Liam Ó Briain, professor of romance languages UCG, was arrested by the Black and Tans on November 21 1920. He was taken to the RIC barracks, at that time in Dominick Street, and then up to the army barracks at Earls island, where he was identified. Other men arrested stood in line. They were watched by ‘pompous young officers’ who, with ‘a hand on their guns’ ‘sniggered’ at the standing prisoners. They went up and down pulling hands out of their pockets. Ó Briain, in his recently published essays on his experiences,* did not sound too concerned. He was well known to the police authorities. Because of the murder and mayhem during the week of his arrest, he must have been expecting to be picked up.
During the Rising in 1916, as a member of the Irish Republican Brotherhood, he had fought for six days, under Michael Mallon, at the Royal College of Surgeons, until the surrender. He was imprisoned in England for six months before being released and returned to Ireland before Christmas that year. During his time at Frongoch camp, north Wales, he became friends with Michael Collins.
He continued to work for the resistance. For his attempts to recruit support for the cause in Belfast, he was arrested and again imprisoned. On his release he was appointed a judge in the republican courts in Galway, and, interestingly, was sent to Italy by Collins to arrange arms shipments. He returned in the autumn, to a town and country ablaze with hatred and murder.
On the day before Ó Briain was arrested, Collins’ men shot dead 14 British agents in Dublin. As a reprisal British forces opened fire on the crowds at Croke Park killing 11 and wounding 60. In Galway Micheál Breathnach, a publican in Quay Street, was shot dead in October. A school teacher in Barna, Patrick Joyce, was kidnapped and shot by the IRA, for allegedly spying on local IRA activities. A week before Ó Briain’s arrest Fr Michael Griffin was taken from his home and killed. The people of Galway were shocked and deeply disturbed by what was happening.
The Italian job
Ó Briain’s trip to Italy is interesting in as much that it shows the empathy Ireland’s struggle for independence had in some quarters. Some officers in the Italian army had approached an Irishman Denis Hales, whose brothers were friends of Michael Collins, with an offer of weapons for sale. It was only two years after World War I, and Italy was ‘full at the time of surrendered Austrian war material. Much of it was being sold for scrap’.

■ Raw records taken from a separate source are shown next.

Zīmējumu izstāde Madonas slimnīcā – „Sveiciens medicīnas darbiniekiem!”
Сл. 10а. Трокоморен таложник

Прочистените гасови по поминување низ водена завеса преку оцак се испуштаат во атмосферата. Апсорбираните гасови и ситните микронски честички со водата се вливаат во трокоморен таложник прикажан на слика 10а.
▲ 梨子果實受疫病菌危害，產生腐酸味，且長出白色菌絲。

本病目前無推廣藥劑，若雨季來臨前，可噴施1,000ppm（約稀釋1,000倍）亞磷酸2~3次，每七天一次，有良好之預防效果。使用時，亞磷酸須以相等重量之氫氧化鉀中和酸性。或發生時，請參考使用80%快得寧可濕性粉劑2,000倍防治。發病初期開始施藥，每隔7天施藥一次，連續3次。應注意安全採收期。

The officers, while possibly not being all that altruistic, had an eye on the money. They proposed that there would be no difficulty in ‘handing over as many machine guns, rifles and rounds of ammunition provided the money was forthcoming.’ The missing weapons would be entered into the account books of the Italian War Department under ‘sold as scrap.’ Furthermore they would send the war material down the Tiber on barges, and out to sea. The Irish must take it from there. Collins asked Ó Briain to go to Genoa, and check Hales out, and if satisfied, to say yes to the deal.

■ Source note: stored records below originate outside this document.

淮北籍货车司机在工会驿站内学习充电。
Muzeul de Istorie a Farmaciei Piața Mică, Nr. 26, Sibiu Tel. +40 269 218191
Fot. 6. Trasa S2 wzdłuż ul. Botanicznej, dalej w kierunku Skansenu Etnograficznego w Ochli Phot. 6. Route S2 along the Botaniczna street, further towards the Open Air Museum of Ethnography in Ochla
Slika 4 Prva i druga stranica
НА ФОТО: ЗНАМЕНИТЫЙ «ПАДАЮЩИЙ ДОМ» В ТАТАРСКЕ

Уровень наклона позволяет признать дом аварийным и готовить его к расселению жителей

Hales turned out to be a charming man. He had married an Italian, spoke the language fluently, and ‘was doing useful propaganda work for us in the Italian press.’ A man of some foresight, Hales described himself as ‘Agente Consolare della Reppublica Irlandese’ …and this was only 1920! But despite all the correspondence, and Ó Briain’s visit, nothing came of this deal.**
Civilised Irish
Earls Island, and the old gaol were not far. Ó Briain, two days before Fr Griffin’s funeral, was marched over, relieved to be out of sight of the Tans and the ‘pompous young officers’. He felt that freedom had been restored to him. He looked forward to having ‘gentle, civilised Irish people’ for company. It had only been nine months since his release from Belfast prison, and he was comparing the two prisons in his mind as he was escorted from the gate to the office. Inside a clerk was taking down names, while over in the corner some regular prisoners were brushing and cleaning the floor.
One of them stepped towards Ó Briain smiling broadly, with his hand outstreached: “Muishe, is it yourself that’s in it Mister O’Brien? A hundred thousand welcomes to you!” Ó Briain, delighted, shook his hand vigorously. “How are you Shinner”? he asked. Shinner was an old pal from Belfast prison. The wardens were amazed. Finally one of them said: “Silence among the prisoners.”
Next week: The Town Hall prison and Captain H (I know. I am a week behind ).
NOTES: . * Essays By An Irish Rebel, originally published 1934-1968, translated from the Irish by Eoin Ó Dochartaigh, on sale €18.
** I am taking this from Ó Briain’s testament to the Bureau of Military History. References to the Italian proposal are also found in Ernie O’Malley’s On Another Man’s Wound, and in Tom Barry’s Guerrilla Days in Ireland.